ENTRIES PROVIDED:
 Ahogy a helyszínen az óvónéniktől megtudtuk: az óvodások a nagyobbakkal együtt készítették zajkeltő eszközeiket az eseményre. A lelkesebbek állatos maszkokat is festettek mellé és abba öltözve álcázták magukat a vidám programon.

---

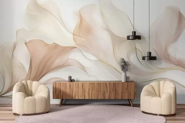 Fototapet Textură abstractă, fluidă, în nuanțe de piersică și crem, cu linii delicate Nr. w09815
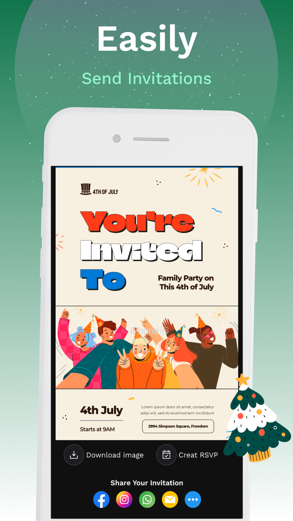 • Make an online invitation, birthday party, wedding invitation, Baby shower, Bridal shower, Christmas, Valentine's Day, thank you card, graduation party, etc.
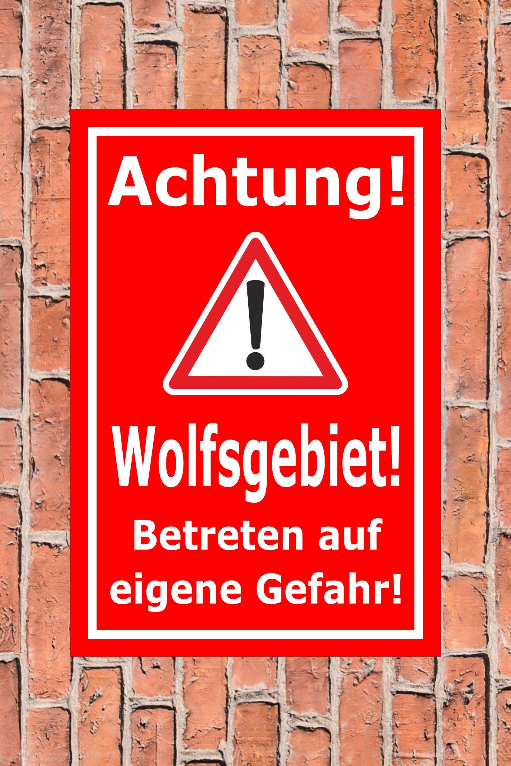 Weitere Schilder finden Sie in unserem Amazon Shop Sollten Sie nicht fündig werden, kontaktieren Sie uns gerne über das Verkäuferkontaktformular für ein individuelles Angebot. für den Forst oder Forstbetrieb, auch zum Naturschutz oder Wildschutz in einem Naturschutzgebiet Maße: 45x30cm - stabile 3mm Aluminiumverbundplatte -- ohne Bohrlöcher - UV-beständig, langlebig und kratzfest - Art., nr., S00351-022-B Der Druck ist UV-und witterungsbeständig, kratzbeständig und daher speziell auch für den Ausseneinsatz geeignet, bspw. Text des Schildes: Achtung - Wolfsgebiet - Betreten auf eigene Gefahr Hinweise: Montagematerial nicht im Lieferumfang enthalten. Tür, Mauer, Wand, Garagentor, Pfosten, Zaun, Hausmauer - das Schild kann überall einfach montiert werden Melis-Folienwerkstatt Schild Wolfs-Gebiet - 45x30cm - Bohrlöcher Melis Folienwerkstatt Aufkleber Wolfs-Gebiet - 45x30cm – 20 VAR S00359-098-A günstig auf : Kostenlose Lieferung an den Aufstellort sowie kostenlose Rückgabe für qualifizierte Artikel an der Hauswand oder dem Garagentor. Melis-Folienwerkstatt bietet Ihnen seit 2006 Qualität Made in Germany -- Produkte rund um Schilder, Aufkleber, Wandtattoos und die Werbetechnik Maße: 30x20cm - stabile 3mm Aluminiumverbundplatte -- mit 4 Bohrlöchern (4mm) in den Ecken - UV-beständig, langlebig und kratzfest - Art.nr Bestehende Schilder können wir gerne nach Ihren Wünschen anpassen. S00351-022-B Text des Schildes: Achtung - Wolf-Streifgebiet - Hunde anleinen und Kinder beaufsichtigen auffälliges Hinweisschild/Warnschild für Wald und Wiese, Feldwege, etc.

==

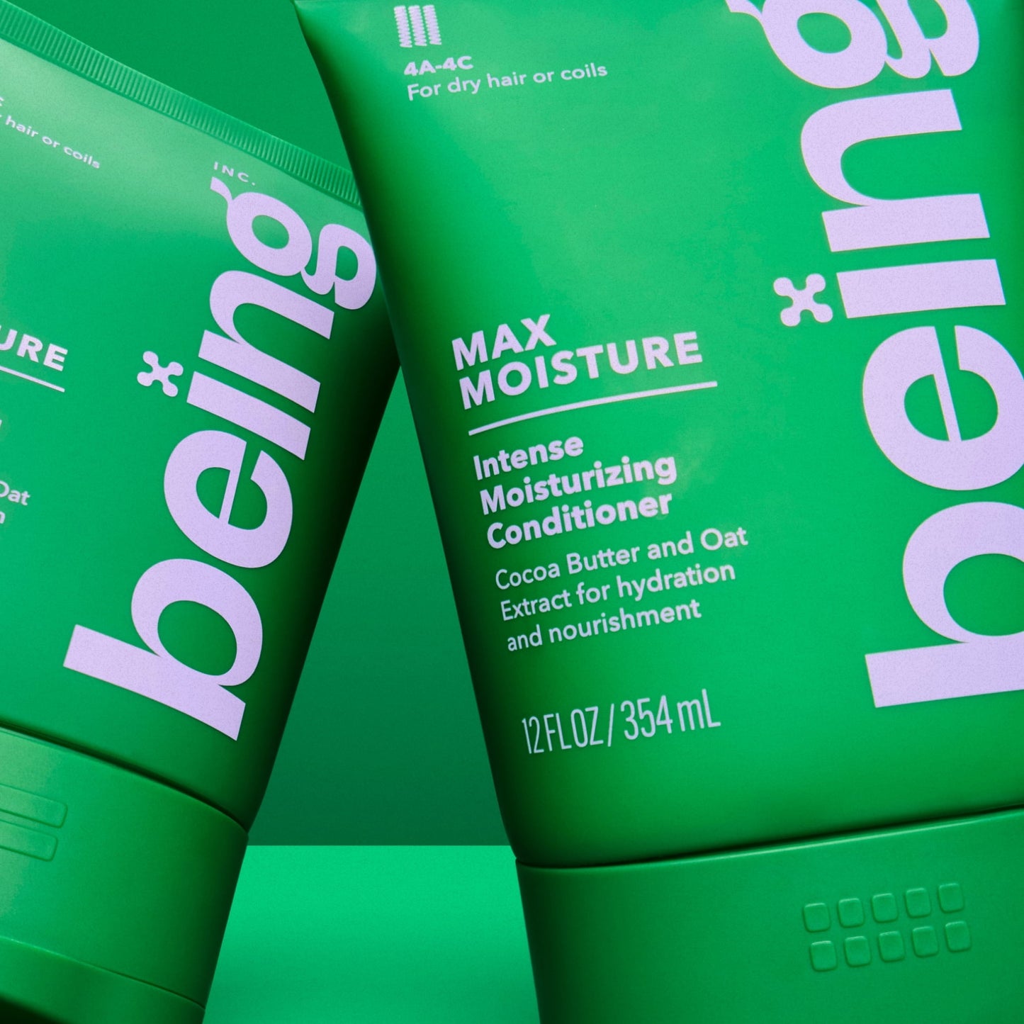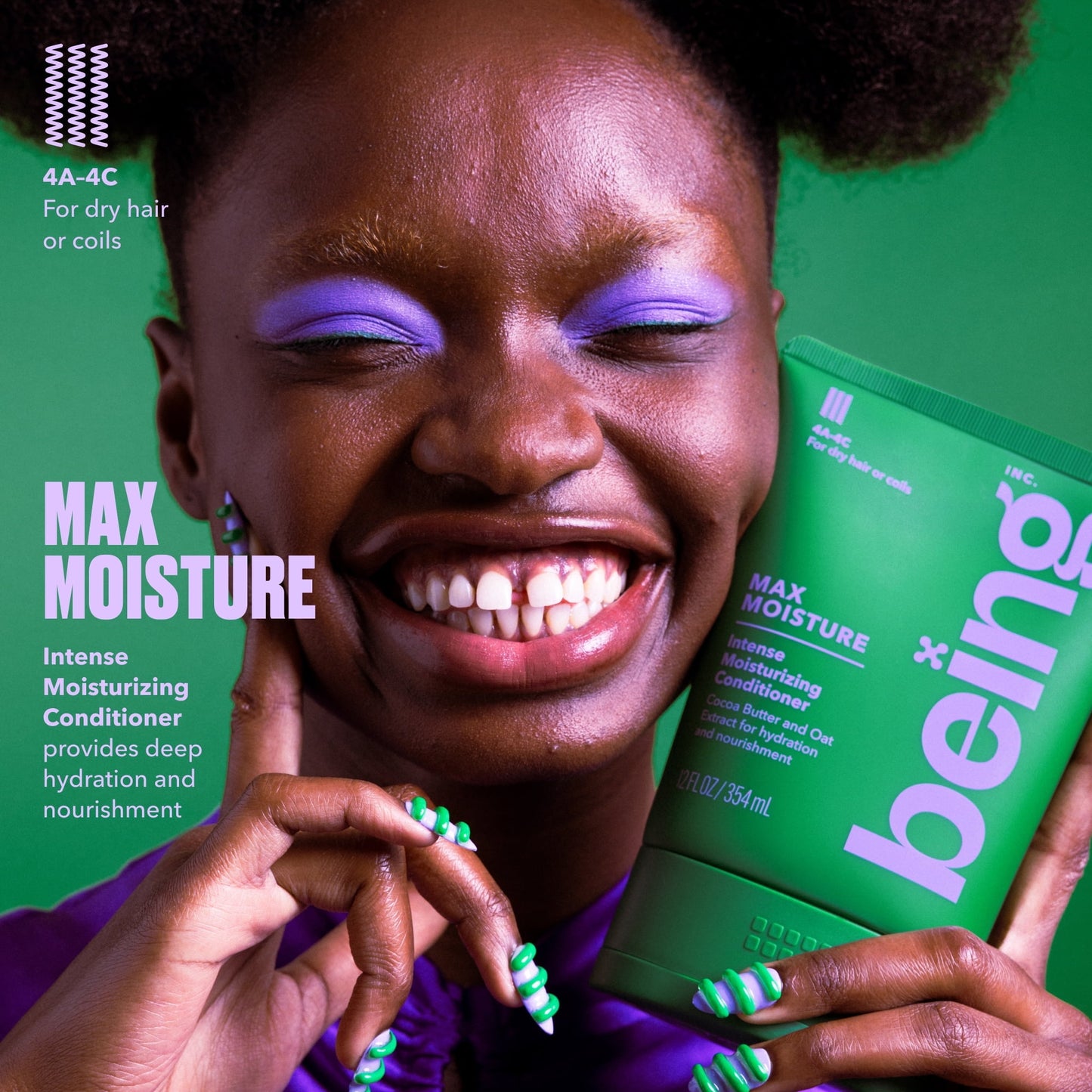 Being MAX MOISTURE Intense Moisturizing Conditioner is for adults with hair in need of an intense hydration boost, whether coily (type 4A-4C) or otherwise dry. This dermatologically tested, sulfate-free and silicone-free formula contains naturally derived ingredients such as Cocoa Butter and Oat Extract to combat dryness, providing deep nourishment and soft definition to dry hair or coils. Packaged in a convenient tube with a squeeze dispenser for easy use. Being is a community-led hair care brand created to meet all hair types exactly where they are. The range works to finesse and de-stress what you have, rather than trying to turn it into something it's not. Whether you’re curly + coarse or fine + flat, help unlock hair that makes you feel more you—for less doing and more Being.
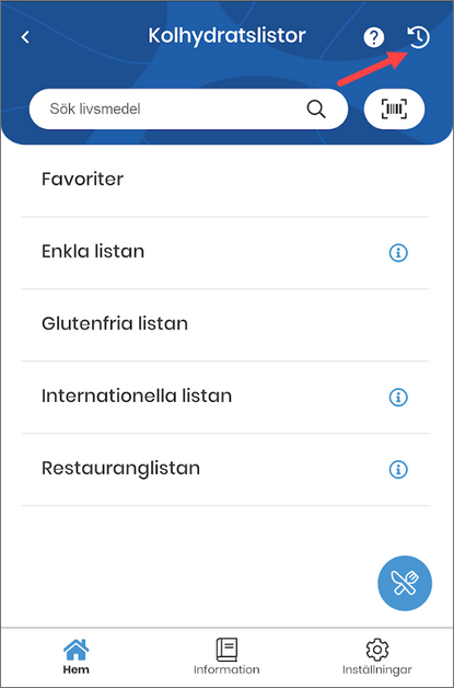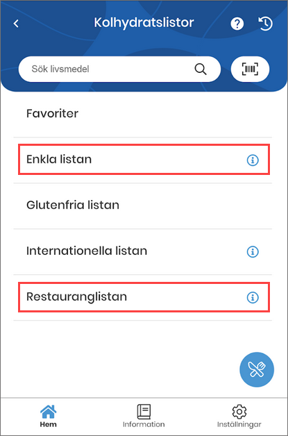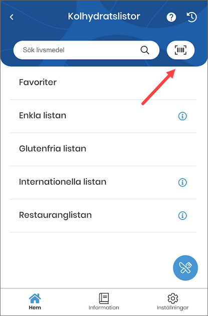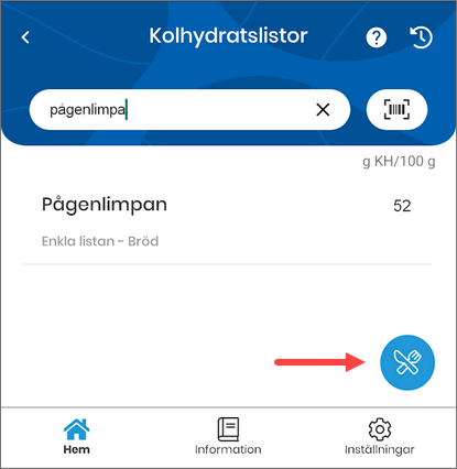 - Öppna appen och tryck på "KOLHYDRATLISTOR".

EXERCISE INSTRUCTIONS:
Copy nothing but the lines above from the one with "Fototapet Textură abstractă, fluidă, în" to the one with "graduation party, etc.", inclusive, word for word. Leave every picture out.

SOLUTION FOR THIS EXERCISE:
 Fototapet Textură abstractă, fluidă, în nuanțe de piersică și crem, cu linii delicate Nr. w09815
 • Make an online invitation, birthday party, wedding invitation, Baby shower, Bridal shower, Christmas, Valentine's Day, thank you card, graduation party, etc.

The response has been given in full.